▶ **WORK ORDER**
Nothing but the lines from the one that holds "التركيب: تُثبت الأعمدة" through the end of the material should be repeated, each exactly as it stands, and pictures stay out.

▶ **STUDY MATERIAL**
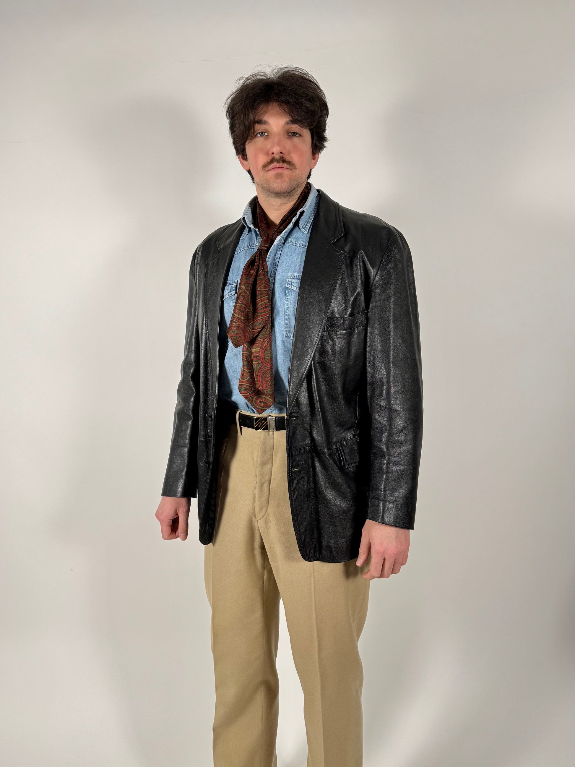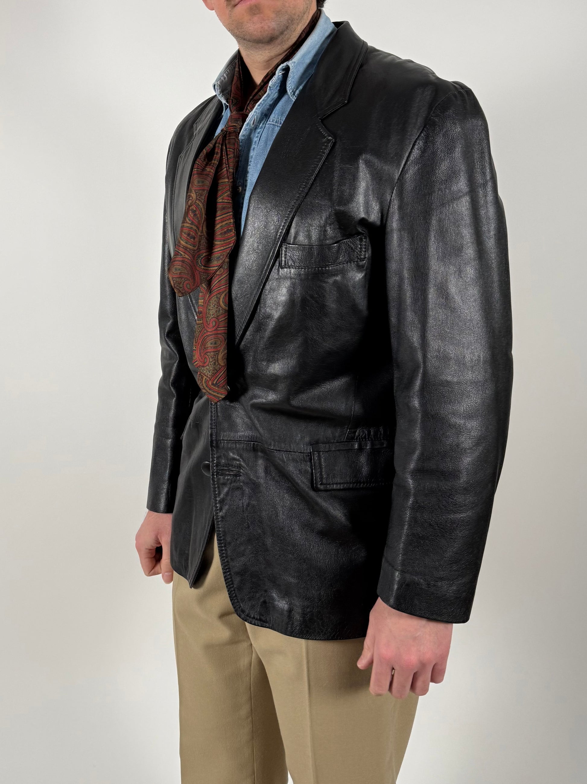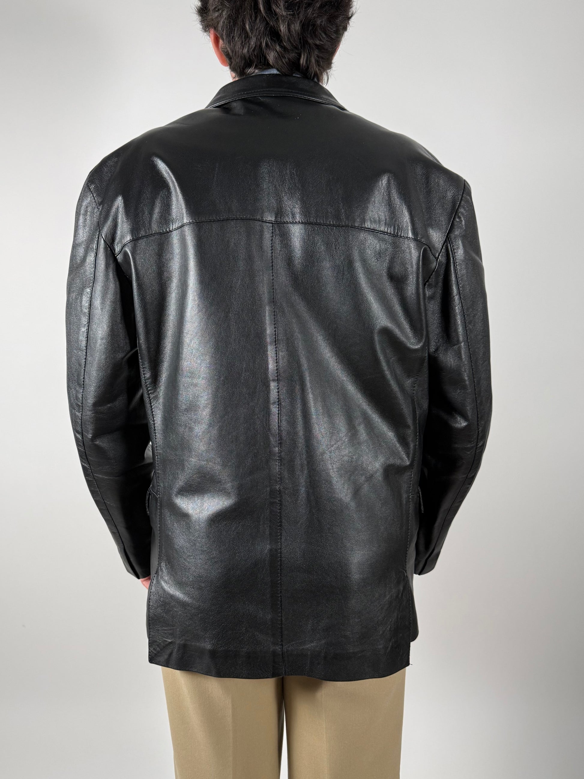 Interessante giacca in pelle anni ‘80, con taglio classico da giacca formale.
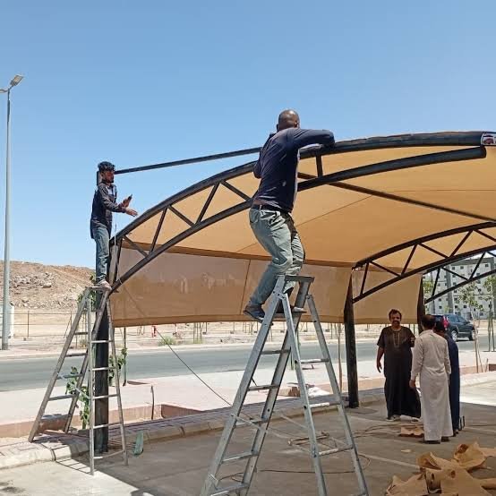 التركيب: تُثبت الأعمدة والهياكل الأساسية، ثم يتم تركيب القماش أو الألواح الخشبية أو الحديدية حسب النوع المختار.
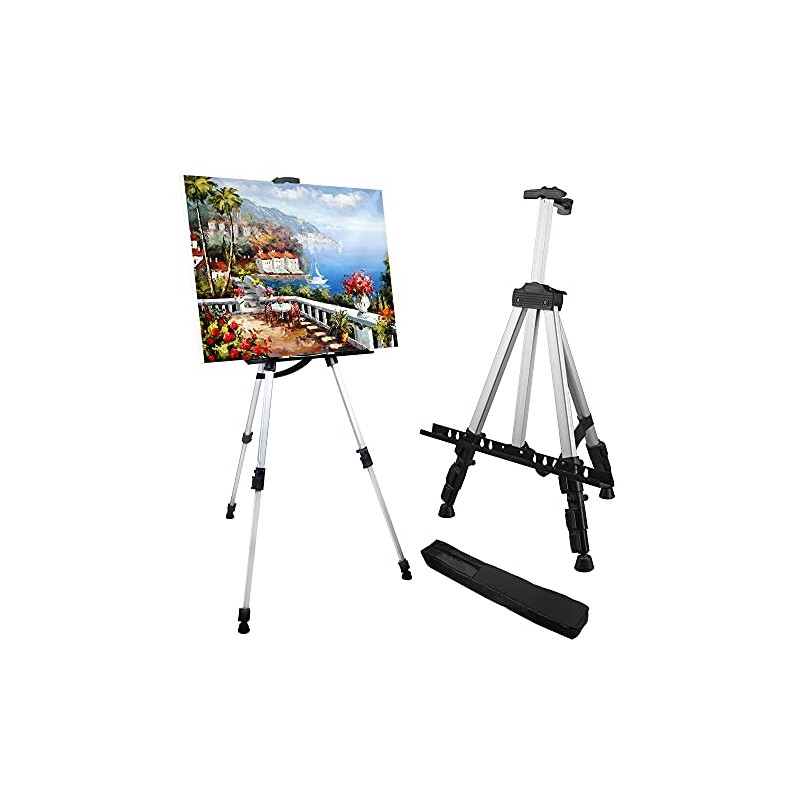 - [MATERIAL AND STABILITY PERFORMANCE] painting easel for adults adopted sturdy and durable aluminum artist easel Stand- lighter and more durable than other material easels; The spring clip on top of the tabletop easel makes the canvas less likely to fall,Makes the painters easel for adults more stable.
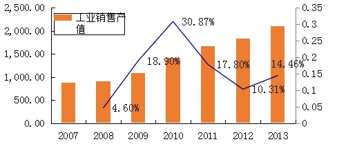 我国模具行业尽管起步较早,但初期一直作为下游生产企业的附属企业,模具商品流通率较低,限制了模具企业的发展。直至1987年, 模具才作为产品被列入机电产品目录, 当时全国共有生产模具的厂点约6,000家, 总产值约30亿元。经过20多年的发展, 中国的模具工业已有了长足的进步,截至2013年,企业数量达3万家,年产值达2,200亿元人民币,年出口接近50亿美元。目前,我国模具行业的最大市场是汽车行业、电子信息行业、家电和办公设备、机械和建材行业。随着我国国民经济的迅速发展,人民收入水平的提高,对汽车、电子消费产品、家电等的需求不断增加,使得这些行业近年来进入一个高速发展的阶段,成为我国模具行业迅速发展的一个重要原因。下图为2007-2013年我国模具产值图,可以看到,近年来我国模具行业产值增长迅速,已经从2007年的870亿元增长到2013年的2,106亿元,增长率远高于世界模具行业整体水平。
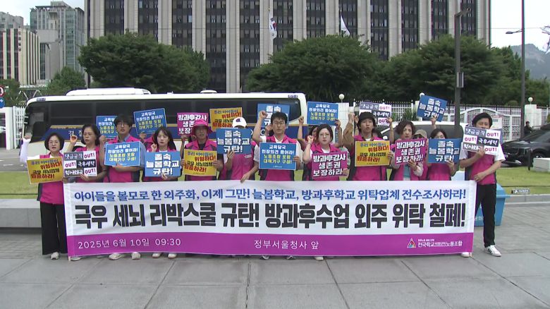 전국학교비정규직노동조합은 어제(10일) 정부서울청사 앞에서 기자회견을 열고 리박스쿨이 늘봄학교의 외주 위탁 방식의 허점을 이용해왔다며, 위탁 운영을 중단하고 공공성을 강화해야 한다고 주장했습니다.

▶ **YOUR RESPONSE**
 التركيب: تُثبت الأعمدة والهياكل الأساسية، ثم يتم تركيب القماش أو الألواح الخشبية أو الحديدية حسب النوع المختار.
 - [MATERIAL AND STABILITY PERFORMANCE] painting easel for adults adopted sturdy and durable aluminum artist easel Stand- lighter and more durable than other material easels; The spring clip on top of the tabletop easel makes the canvas less likely to fall,Makes the painters easel for adults more stable.
 我国模具行业尽管起步较早,但初期一直作为下游生产企业的附属企业,模具商品流通率较低,限制了模具企业的发展。直至1987年, 模具才作为产品被列入机电产品目录, 当时全国共有生产模具的厂点约6,000家, 总产值约30亿元。经过20多年的发展, 中国的模具工业已有了长足的进步,截至2013年,企业数量达3万家,年产值达2,200亿元人民币,年出口接近50亿美元。目前,我国模具行业的最大市场是汽车行业、电子信息行业、家电和办公设备、机械和建材行业。随着我国国民经济的迅速发展,人民收入水平的提高,对汽车、电子消费产品、家电等的需求不断增加,使得这些行业近年来进入一个高速发展的阶段,成为我国模具行业迅速发展的一个重要原因。下图为2007-2013年我国模具产值图,可以看到,近年来我国模具行业产值增长迅速,已经从2007年的870亿元增长到2013年的2,106亿元,增长率远高于世界模具行业整体水平。
 전국학교비정규직노동조합은 어제(10일) 정부서울청사 앞에서 기자회견을 열고 리박스쿨이 늘봄학교의 외주 위탁 방식의 허점을 이용해왔다며, 위탁 운영을 중단하고 공공성을 강화해야 한다고 주장했습니다.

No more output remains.